There’s a lot of edges below the usual 0.05 cutoff, as would be expected due to the multiple hypothesis testing problem!
## [1] 139
We can look at a simple Bonferroni correction and see 55 edges remain:
## [1] 55
To look at a graph of only those edges that differ between ancestry groups according to this threshold, we can filter the data frame above and select only the columns needed for an edge list: node names and an edge weight.
edgeList = dingoDF %>%
filter(p.val < 0.05/1275) %>%
select(gene1, gene2, diff.value) %>%
rename(weight = diff.value)
We can then use the igraph
package to make a graph object from this edgelist and plot it (Csardi, Nepusz, and others 2006).
myGraph = graph_from_edgelist(as.matrix(edgeList[,1:2]),directed=F)
E(myGraph)$weight = edgeList$weight
plot(myGraph,
layout = layout_with_dh)
Some hub structure is immediately apparent in the plot above.
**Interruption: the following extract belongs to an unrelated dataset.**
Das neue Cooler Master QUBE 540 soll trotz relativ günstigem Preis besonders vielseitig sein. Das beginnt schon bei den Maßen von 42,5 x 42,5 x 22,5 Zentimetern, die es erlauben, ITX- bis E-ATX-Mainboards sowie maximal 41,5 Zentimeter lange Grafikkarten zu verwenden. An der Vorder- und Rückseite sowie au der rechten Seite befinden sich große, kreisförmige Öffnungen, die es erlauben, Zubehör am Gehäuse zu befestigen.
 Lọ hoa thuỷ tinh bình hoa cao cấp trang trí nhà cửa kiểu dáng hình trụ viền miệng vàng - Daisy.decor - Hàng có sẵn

We can tweak a few more parameters of the visualization to make a plot that also shows the edge weights and the sign of the difference between ancestry group 1 and ancestry group 2:
plot(myGraph,
layout = layout_with_dh,
vertex.size = degree(myGraph),
edge.width = 20*abs(E(myGraph)$weight), # 20 is arbitrary
edge.color = ifelse(E(myGraph)$weight > 0, "red","blue"))
If we were continuing analysis on this dataset, we could be motivated to look into these three hub metabolites mt3_1
, mt3_7
, and mt3_10
, which seem to be central players in the network-level metabolomic differences between ancestry group 1 and 2.
Bonus: review the algebra
To understand the convolution step of DINGO, it may be helpful to see it actually put it together with the different parts of the model output:
PsiInv = solve(model$Psi)
x = c(1,1)
Q = model$Q
kappa = matrix.trace(Q %*% x %*% t(x) %*% t(Q) %*% PsiInv)
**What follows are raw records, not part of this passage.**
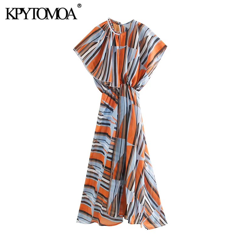 Женское шифоновое платье в полоску KPYTOMOA, винтажное Асимметричное Платье макси с эластичной резинкой на талии, модель 2020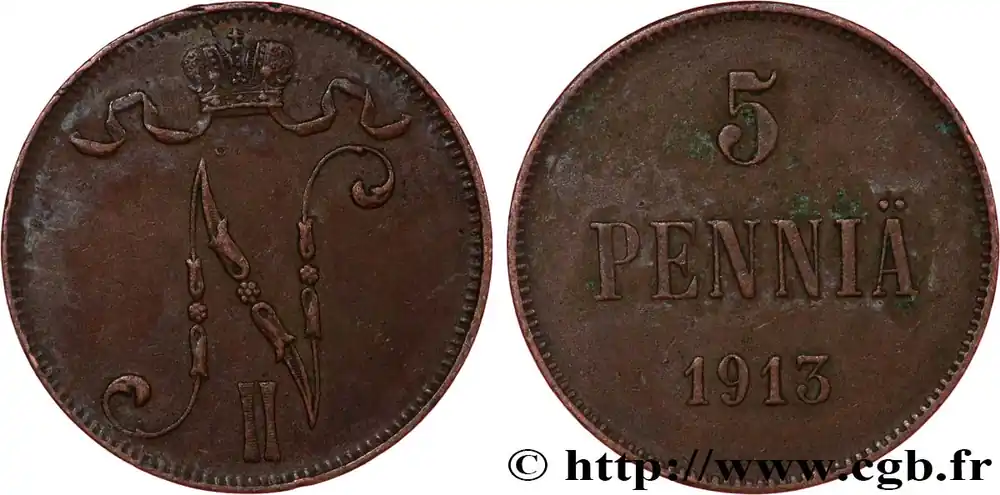 Meilleur Choix FINLANDE 5 Pennia monogramme Tsar Nicolas II 1913 fwo_820350 Monde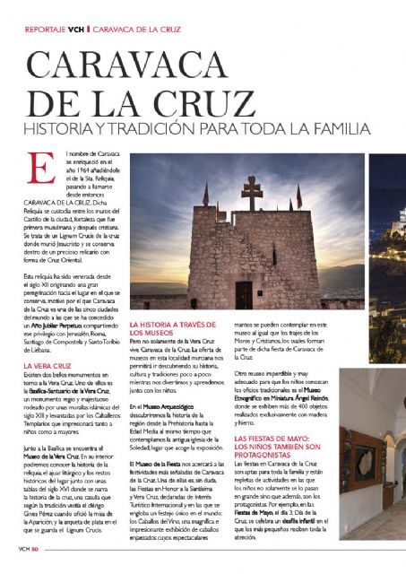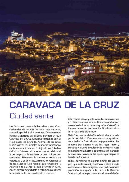 Por último, desde la Concejalía de Turismo también destacan la inclusión del cartel anunciador de las fiestas patronales y un reportaje sobre los atractivos turísticos de Caravaca de la Cruz en la guía 'Go!', que se distribuye en 500 puntos estratégicos de la Región de Murcia, como hoteles, museos, restaurantes o establecimientos comerciales.

L = PsiInv - 1/(1+kappa)*PsiInv %*% Q %*% x %*% t(x) %*% t(Q) %*% PsiInv
G = model$P
N = t(diag(nrow(G)) - G) %*% L %*% (diag(nrow(G)) - G)
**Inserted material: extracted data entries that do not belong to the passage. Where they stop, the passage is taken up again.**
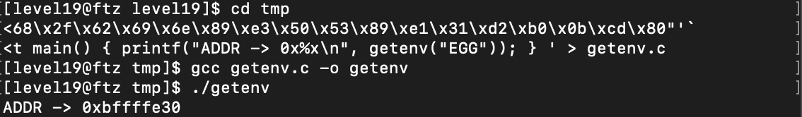 $echo 'int main() { printf("ADDR -> 0x%x\n", getenv("EGG")); } ' > getenv.c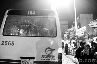 昨晚7时40分,一辆104路公交车行驶到教场北路长城小区门口时,后窗玻璃遭到子弹状物体袭击,玻璃上留下黄豆大小的窟窿,整块玻璃裂成网状。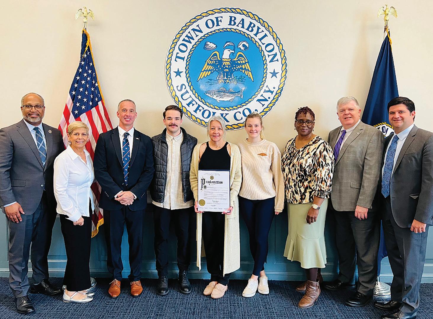 BEAUTIFICATION AMBASSADOR OFFICIALLY INDUCTED - Denise Heegan of North Babylon was recently inducted as a Beautification Ambassador by the town board. The Town of Babylon Beautification Program aims to preserve the town’s cleanliness and beauty. Denise’s appointment as an ambassador for North Babylon is a significant step towards achieving this goal.

partialCorrelationMatrix = -cov2cor(N)[1:5,1]
model$R1[1:5] # this is the same thing as the partialCorrelationMatrix, but in edge list form
## [1] 0.06401273 0.01978540 0.39047613 -0.24106757 0.27047173
References
Class, Caleb A, Min Jin Ha, Veerabhadran Baladandayuthapani, and Kim-Anh Do. 2018. “IDINGO—Integrative Differential Network Analysis in Genomics with Shiny Application.” Bioinformatics 34 (7): 1243–5.
Csardi, Gabor, Tamas Nepusz, and others. 2006. “The Igraph Software Package for Complex Network Research.” InterJournal, Complex Systems 1695 (5): 1–9.
Group, HAPO Study Cooperative Research, and others. 2002. “The Hyperglycemia and Adverse Pregnancy Outcome (Hapo) Study.” International Journal of Gynecology & Obstetrics 78 (1): 69–77.
Ha, Min Jin, Veerabhadran Baladandayuthapani, and Kim-Anh Do. 2015. “DINGO: Differential Network Analysis in Genomics.” Bioinformatics 31 (21): 3413–20.